–Imran expresses desire for working together for betterment of both countries
–Modi says violence-free environment essential for peace, prosperity in region
ISLAMABAD: Prime Minister Imran Khan on Sunday spoke to Narendra Modi and congratulated the Indian leader on the runaway election victory of his Hindu-nationalist Bharatiya Janata Party (BJP), both countries confirmed on Sunday.
“Prime Minister Imran Khan spoke to Prime Minister Narendra Modi today and congratulated him on his party’s electoral victory in the Lok Sabha elections in India,” Pakistan’s Foreign Office (FO) said in a statement.
“The prime minister expressed his desire for both countries to work together for the betterment of their peoples,” the statement added.
India’s Ministry of External Affairs confirmed that Imran had called Modi on Sunday, adding the two leaders had discussed fighting poverty together.
“He (Modi) stressed that creating trust and an environment free of violence and terrorism were essential for fostering cooperation for peace, progress and prosperity in our region,” the ministry added in a statement.
As results started pouring in on Friday, hinting BJP would form the government, the prime minister congratulated Modi in a tweet.
The tweet was responded by Modi in kind, who thanked Imran for the wishes, saying, “I warmly express my gratitude for your good wishes. I have always given primacy to peace and development in our region.”
In April, Imran Khan was quoted as saying that he saw a better chance of peace talks with India if PM Modi’s BJP won the elections. The cricketer-turned-politician had said if the next government in India were led by the Congress party, it might be “too scared” to seek a settlement with Pakistan over Kashmir, fearing a backlash.
“Perhaps if the BJP – a right-wing party – wins, some kind of settlement in Kashmir could be reached,” Imran Khan was quoted as saying by Reuters.
Modi’s Hindu nationalist Bharatiya Janta Party (BJP) won the polls with a thumping victory, gaining 303 seats in Lok Sabha, at least 50 more than it needed to form the government.
The main opposition party, the Indian National Congress, trailed the BJP with 52 of the 543 seats in parliament.
Modi’s election victory was on the plank of national security, a campaign that gained strength in February when he sent warplanes into Pakistan to hit a suspected militant camp after a bomb attack in occupied Kashmir led to the death of 40 Indian police officers.
India’s move to send warplanes fanned the flames of nationalism and helped the BJP turn voters’ attention away from the flailing economy and onto matters of national security.
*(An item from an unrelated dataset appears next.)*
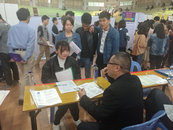 参加我院2018届毕业生双选会的招聘单位人员给学生介绍单位情况

The airstrike “gave him the narrative he needed to counter all these allegations of non-performance, unemployment and rural distress. It re-energized him and enabled him to reclaim his image as a strong leader India needs at this juncture”, said political commentator Arti Jerath.
Tensions between Pakistan and India escalated dramatically on February 14 when a young Kashmiri rammed an explosives-laden car into an Indian paramilitary convoy, killing at least 44 soldiers. India was quick to blame Pakistan for the suicide bombing.
PM Imran offered every possible help in the investigation, but India turned down the offer and whipped up war hysteria.
On February 26, the Indian Air Force (IAF) violated Pakistani airspace. The country’s top civil and military leadership declared the violation of airspace by Indian fighter jets “uncalled for aggression” and decided that the country would respond at a “time and place of its choosing”.
On February 27, Pakistan announced it had shot down two Indian fighter jets that attempted to violate its airspace and captured an Indian pilot. The military’s media wing later released a video of the pilot, who introduced himself as Wing Commander Abhinandan bearing service number 27981.
A few hours later, PM Imran took the nation into confidence over the armed forces’ response. As escalating tensions fuelled concerns of all-out war between nuclear-tipped Pakistan, the prime minister warned of catastrophic consequences should “better sense” not prevail.
Pakistan later released the captured pilot as a peace gesture, drawing applause from the international community over its efforts for diffusing tensions.